Erik bought the watch anyway. Then he had the nerve to justify his purchase by telling me he’d sold some computer equipment. Why did he need that watch? I wasn’t toting around designer purses. The fight blew over quickly, as most of our disagreements did, and the watch became a playful joke between us.


He liked to spend money. But nobody could deny that Erik was a phenomenal father. Every day, when he came home from work, he’d swing our daughter, Tatiana, into the air and say, “You are the reason for my existence.” During my pregnancies, not an evening passed when Erik didn’t rub almond butter all over my ripe belly. “Sexy curves,” he’d say.


He was an exceptional husband, always helping me with my writing, my photography business, and doing more housework and errands than I ever did. Anyway, isn’t marriage just an exercise in seeing the perfection in each other’s imperfections?


Erik wore that watch when he ran, when he showered, and when he lugged computers around at work.


And, when he was only 29, my beloved Erik was still wearing that watch when Tatiana and I heard him take his last breath.


Heart attack.


♦♦♦


The funeral passed, then Keira’s birth, and through layers of grief, I sobbed from a place I didn’t know existed.


Eventually Evan came along.

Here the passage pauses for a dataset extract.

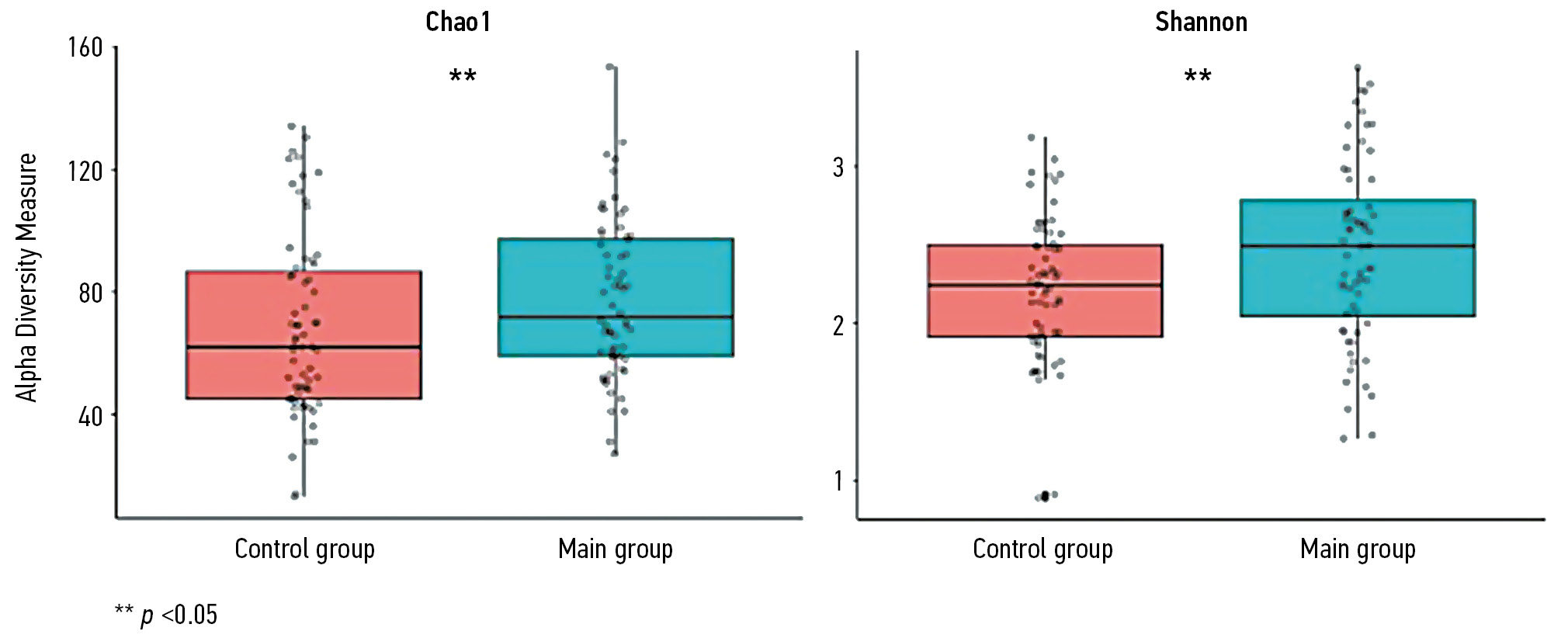 - Alpha diversity using the estimate_richness function of the phyloseq package (v 1.40.0): the significance of the between-group difference was determined by the Wilcoxon T-test, and the null hypothesis was rejected at p-value < 0.05.

Evan—the handsome, Stanford MBA, Ironman athlete—didn’t run out the door when he met Keira and Tatiana for the first time. He didn’t flee. One month after we met, Evan rode his mountain bike up Mt. Tamalpais and asked Erik’s permission to care for me and the girls.


Evan has taken over for Erik, but Evan makes sure we talk about “Daddy Erik” every day. “If I died, I’d be incredibly bummed if you didn’t keep my memory alive,” Evan says.


Through Erik, we remember life in greater detail. We remember the butterflies that flew over our heads as Evan and I exchanged wedding vows, we remember the excitement in the courtroom when Evan legally adopted the girls, and we remember, each day, how blessed we are to now have four magnificent children.


On Father’s Day, I squish my lips against the black face of Erik’s watch, tuck it in to an ivory-lined box, and tape the folded turquoise wrapping paper along the sides.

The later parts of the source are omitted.